Instructor presence enhanced learning and strengthened FPN-SN connectivity during online lecture.
Poster No:
586
Submission Type:
Abstract Submission
Authors:
Guan-Ting Ye1, Nai-Feng Chen1, Ting-Ting Chang1,2
Institutions:
1Department of Psychology, National Chengchi University, Taipei City, Taiwan, 2Research Center for Mind, Brain, and Learning, National Chengchi University, Taipei, Taiwan
First Author:
Co-Author(s):
Ting-Ting Chang
Department of Psychology, National Chengchi University|Research Center for Mind, Brain, and Learning, National Chengchi University
Taipei City, Taiwan|Taipei, Taiwan
Department of Psychology, National Chengchi University|Research Center for Mind, Brain, and Learning, National Chengchi University
Taipei City, Taiwan|Taipei, Taiwan
Introduction:
With the growing importance of online learning, educators are increasingly adopting virtual approaches as alternatives to traditional in-person instruction. Among the most prominent models in online learning is the CASTLE model, which emphasizes that appropriate social cues can reduce learners' cognitive overload, enhance emotional motivation between instructors and students, and ultimately lead to improved learning outcomes. While instructor presence emerges as a key factor influencing learning outcomes (Schneider et al., 2022), the neural mechanisms supporting its effectiveness remain largely unexplored (Beege et al., 2023). We hypothesized that dynamic instructor presence would enhance learning through increased engagement of attention-related neural networks. This study leverages fMRI to investigate the cognitive and neural processes involved in online learning, specifically examining how instructor presence modulates attention, working memory, and neural connectivity to facilitate learning.
Methods:
Sixty-three healthy college students (34 females, mean age = 23.19, SD = 2.79), all non-specialists in natural science subjects, participated in two materials science lectures during fMRI scanning. One lecture featured a live instructor utilizing dynamic expressions and social cues, while the other included only a static instructor image. Learning assessments comprised pre-test, post-test, and follow-up evaluations to measure both immediate learning gains and retention. Task-state functional connectivity analyses focused on two key neural systems: the salience network (SN) and the frontoparietal network (FPN), identified using the AAL3 atlas. To explore the neural basis of the instructor presence effect, we: (1) computed connectivity differences between the live and static conditions, (2) conducted moderation analyses to investigate the relationship between neural connectivity strength and engagement levels, and (3) developed a machine learning model to predict learning outcomes based on neural connectivity patterns.

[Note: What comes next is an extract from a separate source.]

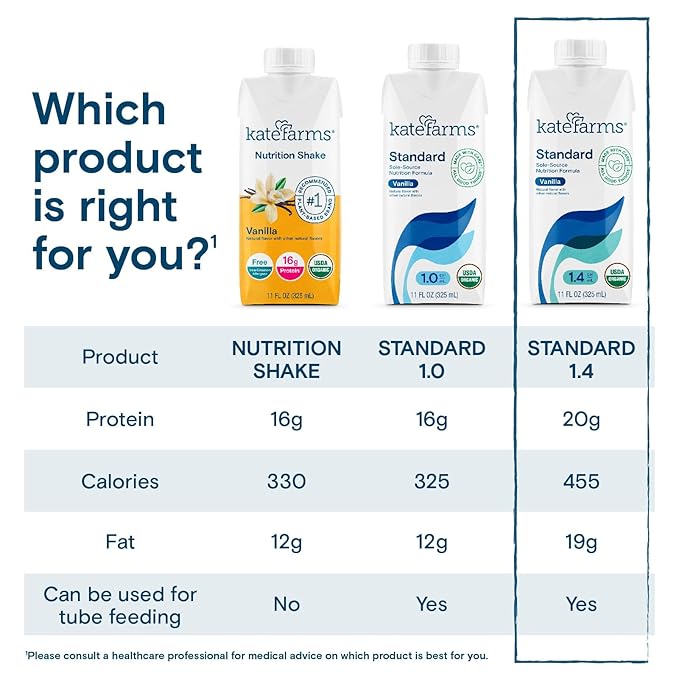 KATE FARMS Organic 1.4 High Calorie Nutrition Shake, Vanilla, 20g Protein, 27 Vitamins and Minerals, Meal Replacement, Protein Shake, 11 oz (12 Pack)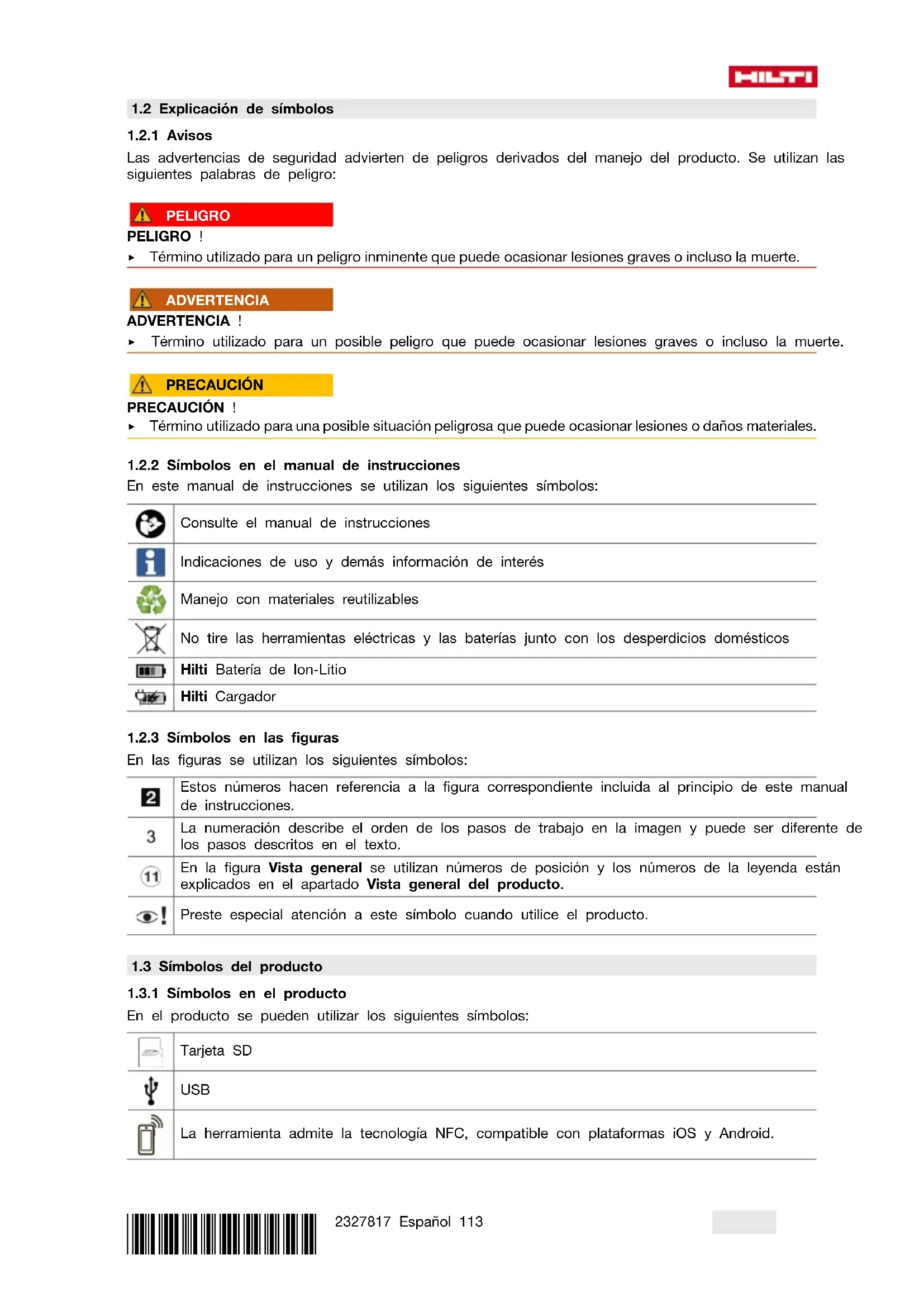 En el producto se pueden utilizar los siguientes símbolos: Tarjeta SD USB La herramienta admite la tecnología NFC, compatible con plataformas iOS y Android.114 Español 2327817 *2327817* Serie utilizada de baterías de Ion-Litio Hilti. Consulte las indicaciones recogidas en el capítulo Uso conforme a las prescripciones. Batería de Ion-Litio Advertencia de piezas pequeñas que pueden tragarse (pilas de botón) Si está en el producto, significa que el organismo de certificación lo ha certificado para el merca- do estadounidense y canadiense según las normas vigentes.

·Figure 1. Experimental procedure and task design.
Results:
Our analyses revealed three key findings. First, participants showed significantly enhanced learning outcomes in the live instructor condition compared to the static image condition (t (62) = 1.805, p = 0.038). Moreover, in terms of retention effects, the live instructor condition exhibited more consistent performance, while the static instructor condition showed greater variability (Fig 2A). Second the live instructor condition demonstrated stronger task-based functional connectivity between the FPN and SN (t (57) = 2.43, p = 0.009) (Fig 2B), suggesting enhanced cognitive processing between attention and cognitive control networks. Third, this FPN-SN connectivity moderated the relationship between attention and learning (Coef = 1.036, p = 0.038), with stronger connectivity predicting better learning outcomes (Fig 2C). Supporting these findings, our machine learning model successfully categorized students into high and low attention performance groups based on neural connectivity patterns (AUC = 0.82, p < 0.001) (Fig 2D, E).
·Figure2. (A) Learning performance (B) Neural connectivity strength (C) Moderation analysis (D) ROC curve (E) Permutation test
Conclusions:
This study provides the first neural evidence of how instructor presence enhances online learning, showing that dynamic teaching engages attention and cognitive control networks. These benefits are driven by strengthened connectivity between the frontoparietal and salience networks. Learners also benefit from the synchronization of the instructor's video and course materials, which supports cross-modal integration of lecture information and improves content retention. By demonstrating that enhanced neural coordination predicts learning success, our findings offer strategies to optimize online education. Future research should explore how these insights can guide the development of more engaging and effective virtual learning environments.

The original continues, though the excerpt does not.